One challenge that security professionals in general share is the difficulty in prioritizing the vast amount of information of security threats, vulnerabilities and misconfigurations. In conversations with customers and partners we often hear how much they value the rich reporting capabilities of Nexpose. The fact that Nexpose helps users clearly prioritize based on real risk which goes beyond the standard CVSS scores to include the notion of contextual exploitability, malware information and weighted and temporal risk scores continues to be a key capability that makes the lives of a security professional so much easier. So we've decided to take those capabilities one step further. With our Nexpose 5.2 release, which shipped on March 21st, we have included some cool enhancements to the CSV export feature. The CSV export has been expanded to include a wide range of new data fields that can now be exported. The data that gets exported is entirely customized through the use of field based templates that can be easily created and reused across new and existing CSV export reports. The use of these new templates makes CSV exporting extremely simple and powerful.
Why is this important? Security professionals are often asked by their CISO's to prepare security information for their business units. Nexpose does this all out of the box with a number of pre-defined templates but often users want to further manipulate the data. With the new export options users can now slice and dice the data based on more than 30 different criteria.
Existing CSV Export Users
When upgrading to Nexpose 5.2, you will notice some minor enhancements to the CSV report format. Existing CSV export reports will automatically be upgraded to utilize a new template called Basic Vulnerability Check Results. This template contains the exact same columns in the exact same order in comparison with the definition of the columns that were exported in previous releases of Nexpose. However, there are some subtle differences in the data that is now generated.

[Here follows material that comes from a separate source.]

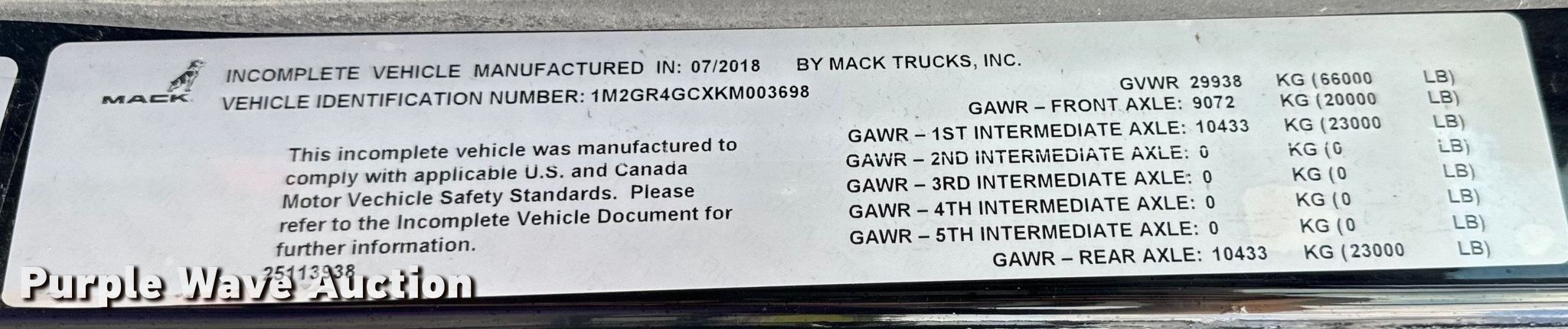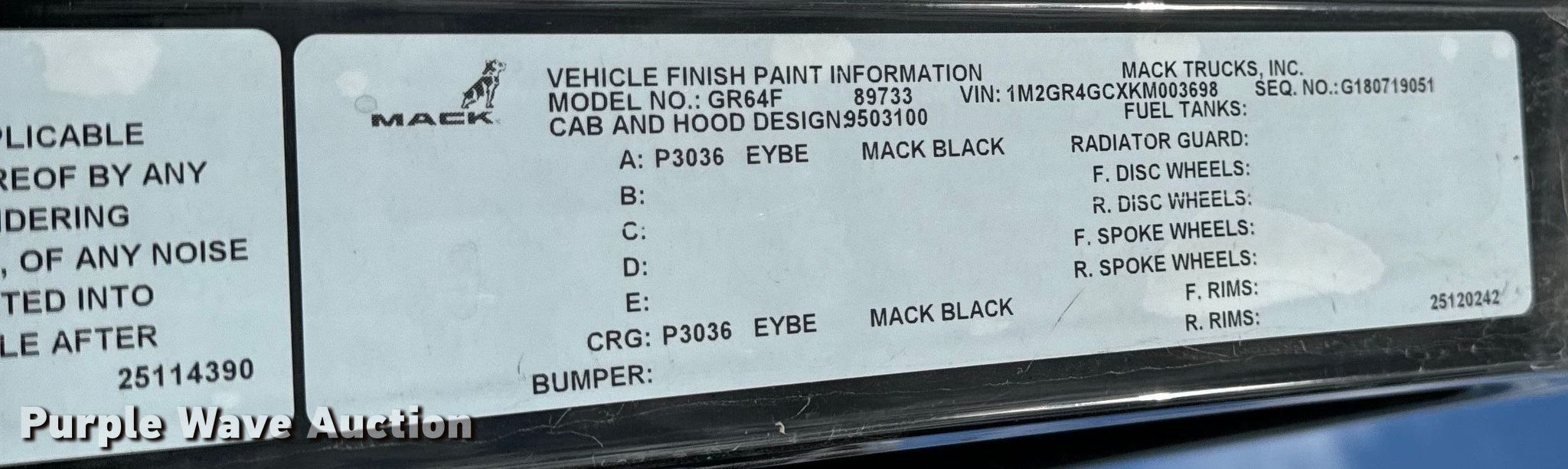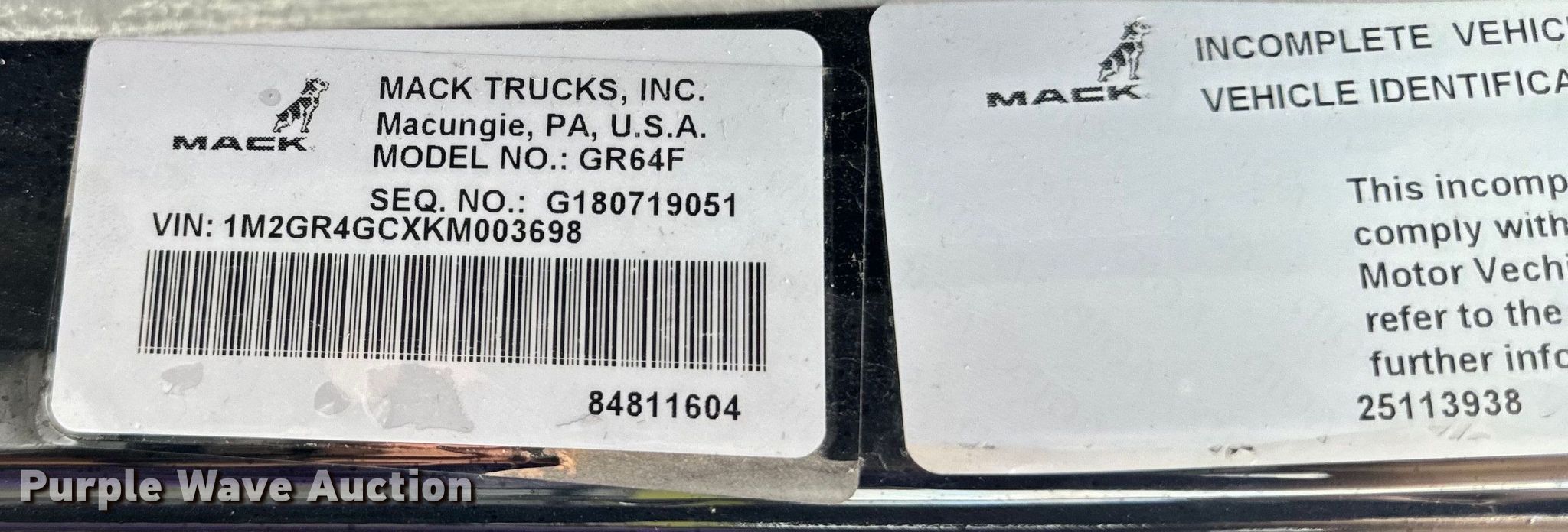 Purple Wave is selling a used Construction Dump Truck in Missouri. This item is a 2019 Mack Granite dump truck with the following: Miles: 27,584 on odometer, Hours: 1,219 on meter, VIN: 1M2GR4GCXKM003698

1) The column headers have been enhanced to provide more meaningful names.Old Column Headers
New Column Headers<host>Asset IP Address<port>Service Port<result-code>Vulnerability Test Result Code<vuln-id>Vulnerability ID<cve-id>Vulnerability CVE IDs<severity>Vulnerability Severity Level<vuln-title>Vulnerability Title
2) The Vulnerability CVE IDs column now contains a comma separated list of all exported CVE IDs. Previously, the <cve-id> column only contained the first CVE ID found.
3) All values are properly escaped using the following algorithm: If a value contains a newline, double quote, or comma, that value is escaped by wrapping it in double quotes.
Microsoft Excel Support
To better support Microsoft Excel, all values are truncated at 32,000 characters. Carriage returns found in values are converted to spaces. It is also important to note that recent versions of Excel (2007 ) have an increased row limit of 1 million rows. To help accommodate this restriction, new filtering capabilities have been added to CSV (and also XML) export reports allowing for the filtering of vulnerability data by status.
You can now reduce the CSV export size by excluding all non-vulnerable vulnerabilities that were tested against an asset. This filter alone can reduce export sizes by over 80%!
API users benefit from this upgrade as well! Template creation support for CSV export reports is supported through the existing ReportTemplateSave API. CSV exports can continue to be generated using the ReportGenerate and ReportAdhocGenerate APIs. When upgrading your API clients, be sure to include the template ID as part of the ReportAdhocGenerate request. For more details on the Reporting APIs consult the Nexpose API v1.1 Guide.
With the new exporting features, you can now export a richer, customized data set tailored to meet your security needs! The great thing about these enhancements is that all users of the Nexpose Enterprise Edition and Consultant Edition will receive these improvements at no additional cost.